Updated: Nov 26, 2023

If you plan to clip your horse, always prep a week ahead before you attempt it. Leaving it to the last minute will cause all sort of problems, including blunt blades and a miserable finish.

Clipping a dirty horse
Clipping a dirty coat

The coat of a horse is classed as temporary hair, which means it goes through coat change twice per year. The temporary hair helps to insulate the horse in the winter, as well as cooler in the summer. However, due to the work commitments of the horse we clip off the temporary hair to make our lives easier, when the horse sweats, making it longer for the horse to dry off.
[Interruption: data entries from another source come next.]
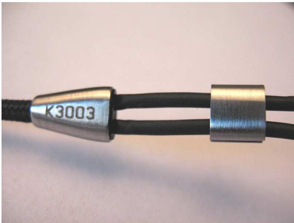
This image has been resized to fit in the page. Click to enlarge.

Avrei potuto stupirvi con effetti speciali (etc. etc.) già qualche mese fa, ma avevo le mani legate... image
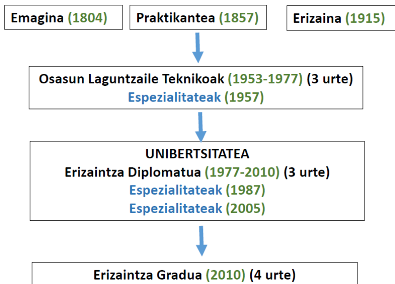
1. Irudia. Erizaintzako prestakuntzarako tituluak.

Erizaintzako prestakuntza akademikoa gure inguruan XX. mendetik aurrera hasi zen bultzatzen (1. Irudia), eta zainketen beharretara eta gizarte, politika eta hezkuntza aldaketetara egokitzen joan da pixkanaka(1).
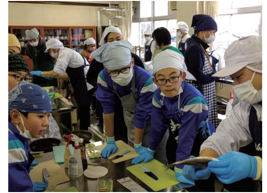
魚の構造から捌く場所を見極める
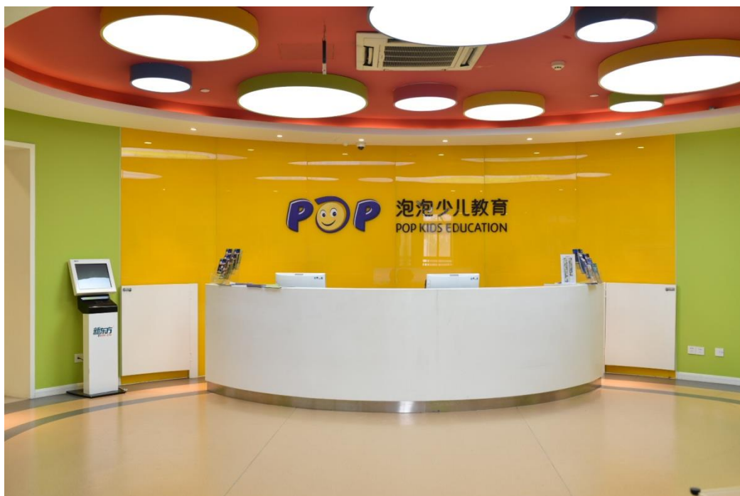
校区一览---中心校区
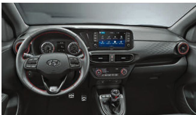
Das Cockpit des neuen Hyundai i10.
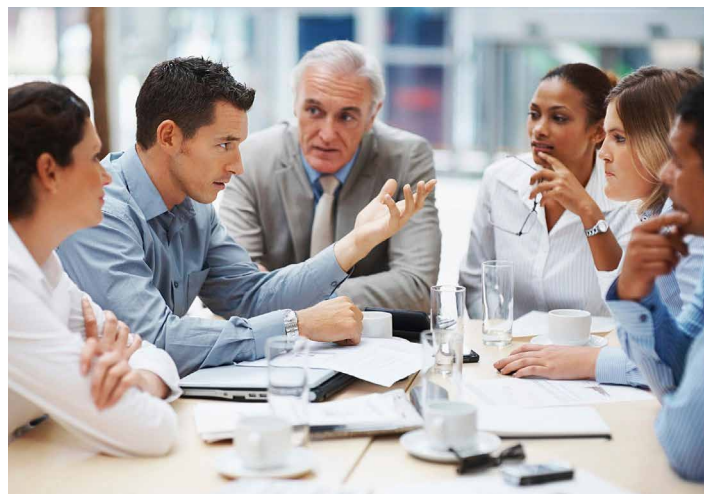
'Naar kantoor gaan' zal in de nabije toekomst een nieuwe invulling krijgen

Het zijn turbulente tijden voor de facility managers. Ze moesten zich al staande houden in de lawine van nieuwe noden en vereisten, maar Covid-19 heeft de kaarten helemaal door elkaar geschud. Dé uitdaging van morgen is een minimum aan werkposten te combineren met een maximaal comfort. Binnen het kader van optimale energie-efficiëntie wel te verstaan. Dit is enkel mogelijk door het gebouw om te tunen tot een datagenererende machine die bovendien zelflerend is en autonoom intelligente beslissingen kan nemen.
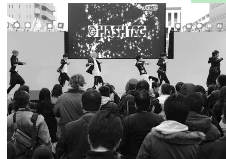
ステージに釘付けの来場者の皆さん

また、大田まつりの山車や痛車の展示もあり、駅前にはさまざまな文化で賑わいました。
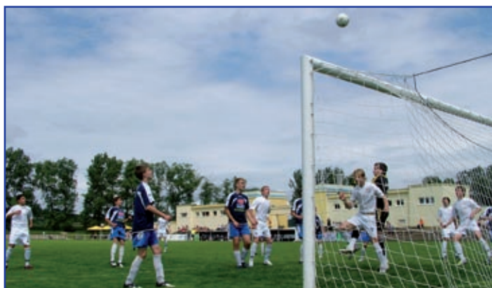
Žákovský mezinárodní fotbalový turnaj vyhrál opět Baník Ostrava (bílí), když finálové utkání se odehrálo v jeho režii a „mladí baníci“ vyhráli ve finále nad Zentivou Hlohovec 4:0.
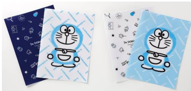
クリアファイル2枚セット 各 486円
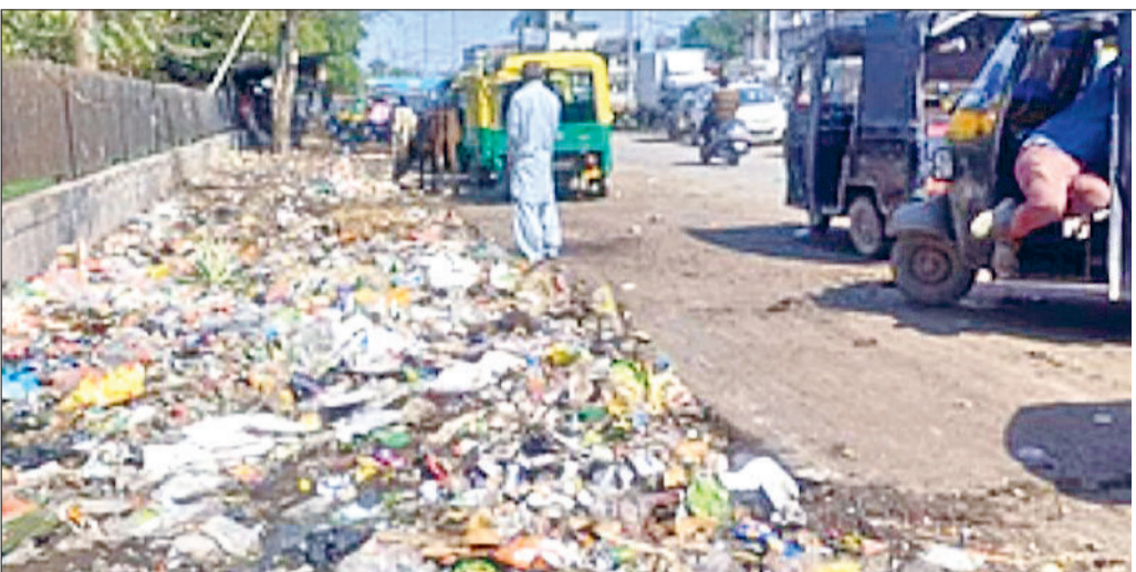
अंबाला। बस स्टैंड के बाहर सड़क किनारे पड़े कूड़े का दृश्य।

जाते हैं, न तो वो गली में कुछ देर के लिए ठहरते हैं और न ही कूड़ा उठाने के लिए कोई सूचना देते हैं। ऐसे में उन्हें मजबूरन प्राइवेट कर्मचारियों से कूड़ा उठवाना पड़ता है और इसके लिए उन्हें प्रतिमाह 200 रुपये देने पड़ रहे हैं। इस समस्या के लिए भी लोगों ने सदस्य को जानकारी देने के निर्देश दिए गए हैं। ज्यादातर वार्ड सदस्यों ने यह भी मांग रखी कि कूड़े का निस्तारण सुबह और शाम को दो बार किया जाए ताकि लोगों को गंदगी की परेशानी से जूझना न पड़े।
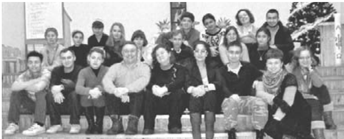
УЧАСТНИКИ МОЛОДЕЖНОГО ДНЯ В ЦЕРКВИ ВОСКРЕСЕНИЯ

Особый интерес вызвала игра «Три правды и одна ложь», которая позволила участникам лучше узнать друг друга, а также рождественский театр импровизаций. Около часа ночи присутствующие собрались в церкви для проведения вечерней молитвы. Это и стало апофеозом мероприятия для всех. Помещение церкви было освещено многочисленными свечами, стоящими на ступенях алтаря; каждый выходил вперед, зажигал свечу и тихо молился... ■
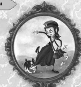
ћерке управника поште
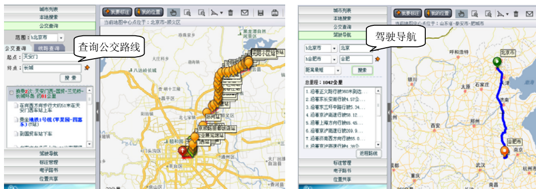
图 1-1 多媒体电子地图

人们现在普遍认为，多媒体技术就是利用计算机把文字、图像、动画、音频、视频等媒体信息都数字化，并将其整合在一定的交互式界面上，使计算机具有交互展示不同媒体形态的技术。如在多媒体电子地图里，集成了文字、图像、动画、音频和视频等媒体，可以提供公交路线查询、驾驶导航、位置共享等功能，如图 1-1 所示。
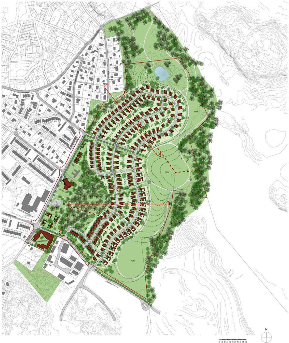
Bild 2. Illustration till detaljplan för Ältadalen, ÅWL arkitekter

I en illustration till detaljplanen som har tagits fram av ÅWL arkitekter redovisas tänkbar bebyggelse. Bebyggelsen föreslås huvudsakligen bestå av friliggande småhus (villor och radhus), samt förskola och äldreboende. De östra och norra delarna lämnas obebyggda som en del av ett större parkstråk genom Älta och vidare ut mot Erstavik (bild 2).
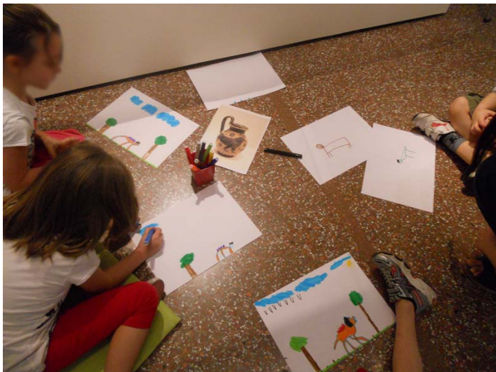
Εικόνα 2. Ζωγραφική στο μουσείο.
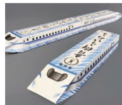
銅賞 MQURE for U / 合同会社ナカナカ
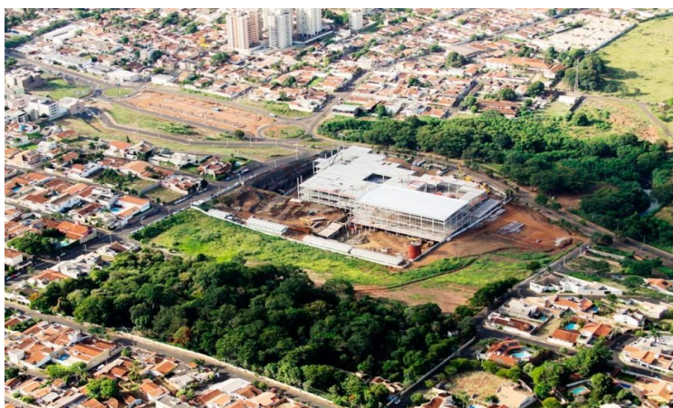
Figura 2 - Parque Jacarandá, em primeiro plano.
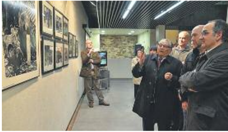
La mostra ha estat produïda pel fill i el nét de Centelles.

Having a heavy winter coat makes it difficult to groom, as the average body brush does not penetrate thick winter hair well, and the dandy brush only brings more scurf and dandruff to the surface. For best appearance it is best to wait until the horse's winter coat is well established and the summer coat is shed.

How do I prepare my horse's coat for clipping?

If you're planning to clip your horse's coat, it is best to check the weather forecast and give your horse a bath the day before you plan to clip. Use a good shampoo to remove the grease, and make sure you concentrate on areas that holds the grease, like over the rump. Make sure you give your horse a full blown bath and when he is dry do not let him roll or turn-out.

The rump area hold's a double coat, and if not thoroughly cleaned, it will put your clippers to the test. Double coats are common in pony breeds, and can be noticeable with a thick undercoat with guard hairs over the top.

So what happens if you don't bath your horse before clipping?

If you fail to clean your horse thoroughly prior to clipping your horse, clipping a dirty coat not only is it uncomfortable for the horse, but it's also bad news for your clipper blades. Dirt blunts clipper blades fast, with only a small particle of grit to take off the sharp edge. Dirt will also make your clippers heat up quickly, as they struggle through the coat, and ultimately put excess wear and tear on them.

However we do offer a few suggestions:

  • Use a pair of grooming gloves to release the dead hair and enable the grease to come to the surface of the coat. Groom in a circular motion to lift the grease.

  • Hot towel the coat and remove the grease with a stable rubber, prior to clipping. But ensure it dries thoroughly before clipping.

  • Use a clipping oil and spray the coat 5 minutes prior to clipping. This will help the clipper blades to run through the coat smoothly and prevent lines.

Helpful Tips to Clipping a Dirty Coat

  • If blades are dirty and dull, it will result in the hair being tugged and not clipped. The final finish will result in lines and can lead to nicks.

  • Dirty blades will cost you more money to maintain them.

  • Dirty coats will heat up the clipper quickly, and hot clippers mean they are working too hard.

  • Spray the clipper blade every 5 minutes with clipper oil. This way it will help keep the clipper blade stay cool.

How do you know if you have the right tensioning for your clippers?

1. The best place to start is with the manufacturers instruction manual. Turn your clippers on and listen to the sound they are making. Adjust the tension as above.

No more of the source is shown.